* _ACTIVITY_: Can you set down, exactly as they appear below, the lines from the opening of the material through the one bearing "La mayoría del", minus the pictures?

* _DATA FOR THIS EXERCISE_:

════

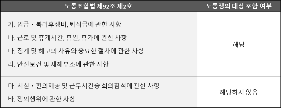 A16. 개정 노동조합법 시행 전 법원은 ‘정리해고 실시 여부’를 고도의 경영상의 결단으로 보아 쟁의행위의 정당한 목적이 될 수 없다고 판단하였습니다. 이에 대해 고용노동부는 위 해석지침(안)에서 “개정 노동조합법에 따르면 정리해고는 근로조건의 본질적인 요소인 근로자의 지위 박탈 등 근로조건에 중대한 영향을 미치는 결정에 해당하므로, 단체교섭의 대상이 된다”는 의견을 제시하면서 이와 상반되는 기존 고용노동부의 행정해석을 개정 노동조합법 시행일인 2026. 3. 10.자로 변경하겠다는 입장을 밝혔습니다. 다만, 개정 노동조합법 시행 이후에 법원이 쟁의행위의 목적에 관한 기존 판례를 변경할지 여부는 지켜보아야 합니다.
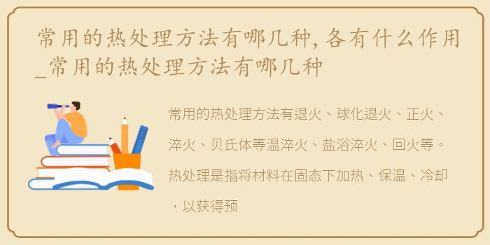 常用的热处理方法有退火、球化退火、正火、淬火、贝氏体等温淬火、盐浴淬火、回火等。热处理是指将材料在固态下加热、保温、冷却,以获得预期的组织和性能的金属热加工过程。
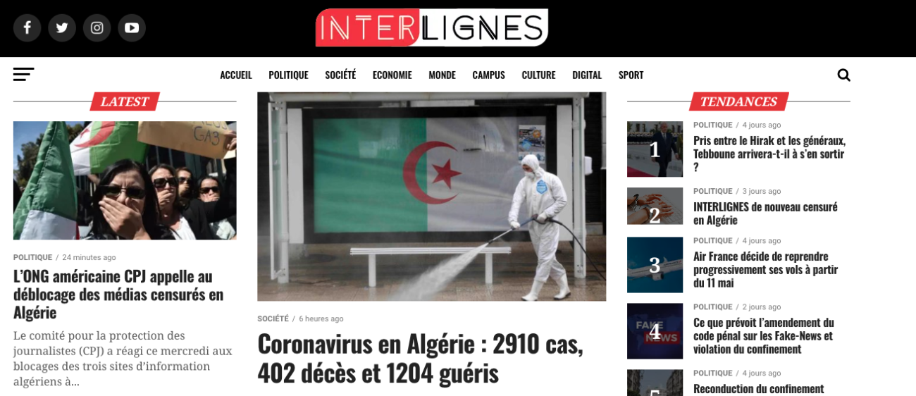 De getroffen sits zijn nieuwssite Maghreb Emergent, de site van het daaraan gelieerde radiostation Radiom en de nieuwssite Interlignes. Volgens persvrijheidsorganisatie CPJ zijn de blokkades een straf voor kritische berichtgeving over de wijze waarop de Algerijnse overheid de coronacrisis aanpakt.
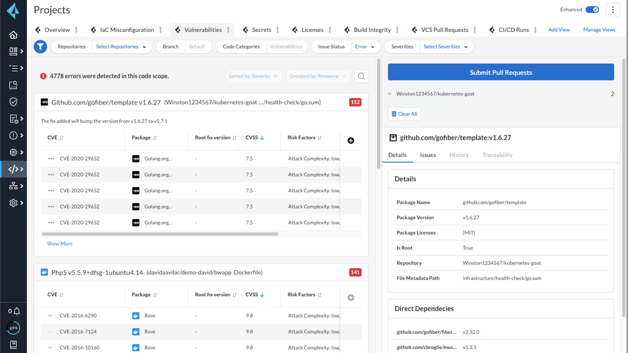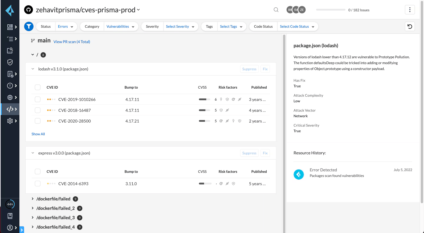 La mayoría del código de las aplicaciones modernas está formada por dependencias de código abierto. La falta de información sobre las dependencias que se están utilizando y el miedo a introducir cambios fatales conducen a que las vulnerabilidades lleguen al código sin corregir. Prisma Cloud se integra con las herramientas de los desarrolladores para identificar vulnerabilidades en paquetes de código abierto y todos sus árboles de dependencia con compatibilidad para correcciones flexibles y controladas con el paso a una nueva versión.
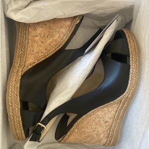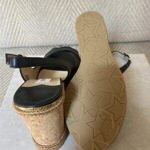 Step into luxury with these Jimmy Choo wedges, featuring sleek black leather straps and a natural cork wedge heel. The cross-over design and platform front offer both style and comfort, making them perfect for any elegant occasion.
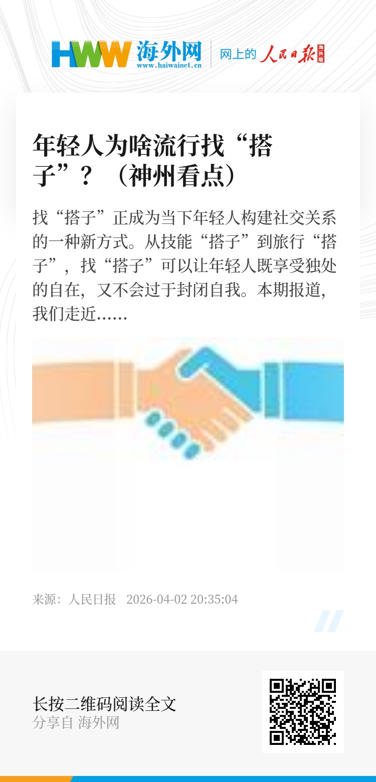 找“搭子”正成为当下年轻人构建社交关系的一种新方式。从技能“搭子”到旅行“搭子”,找“搭子”可以让年轻人既享受独处的自在,又不会过于封闭自我。本期报道,我们走近几位年轻人,记录他们的社交方式。
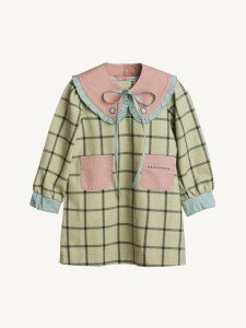 Bawełniana sukienka w kratę o prostym kroju z długim rękawem zakończonym ściągaczem. Długość przed kolano. Zaprojektowana z haftowanym kołnierzem z falbanką, kieszeniami i zapięciem na guziki z tyłu sukienki.

════

* _RESULT OF THIS EXERCISE_:
 A16. 개정 노동조합법 시행 전 법원은 ‘정리해고 실시 여부’를 고도의 경영상의 결단으로 보아 쟁의행위의 정당한 목적이 될 수 없다고 판단하였습니다. 이에 대해 고용노동부는 위 해석지침(안)에서 “개정 노동조합법에 따르면 정리해고는 근로조건의 본질적인 요소인 근로자의 지위 박탈 등 근로조건에 중대한 영향을 미치는 결정에 해당하므로, 단체교섭의 대상이 된다”는 의견을 제시하면서 이와 상반되는 기존 고용노동부의 행정해석을 개정 노동조합법 시행일인 2026. 3. 10.자로 변경하겠다는 입장을 밝혔습니다. 다만, 개정 노동조합법 시행 이후에 법원이 쟁의행위의 목적에 관한 기존 판례를 변경할지 여부는 지켜보아야 합니다.
 常用的热处理方法有退火、球化退火、正火、淬火、贝氏体等温淬火、盐浴淬火、回火等。热处理是指将材料在固态下加热、保温、冷却,以获得预期的组织和性能的金属热加工过程。
 De getroffen sits zijn nieuwssite Maghreb Emergent, de site van het daaraan gelieerde radiostation Radiom en de nieuwssite Interlignes. Volgens persvrijheidsorganisatie CPJ zijn de blokkades een straf voor kritische berichtgeving over de wijze waarop de Algerijnse overheid de coronacrisis aanpakt.
 La mayoría del código de las aplicaciones modernas está formada por dependencias de código abierto. La falta de información sobre las dependencias que se están utilizando y el miedo a introducir cambios fatales conducen a que las vulnerabilidades lleguen al código sin corregir. Prisma Cloud se integra con las herramientas de los desarrolladores para identificar vulnerabilidades en paquetes de código abierto y todos sus árboles de dependencia con compatibilidad para correcciones flexibles y controladas con el paso a una nueva versión.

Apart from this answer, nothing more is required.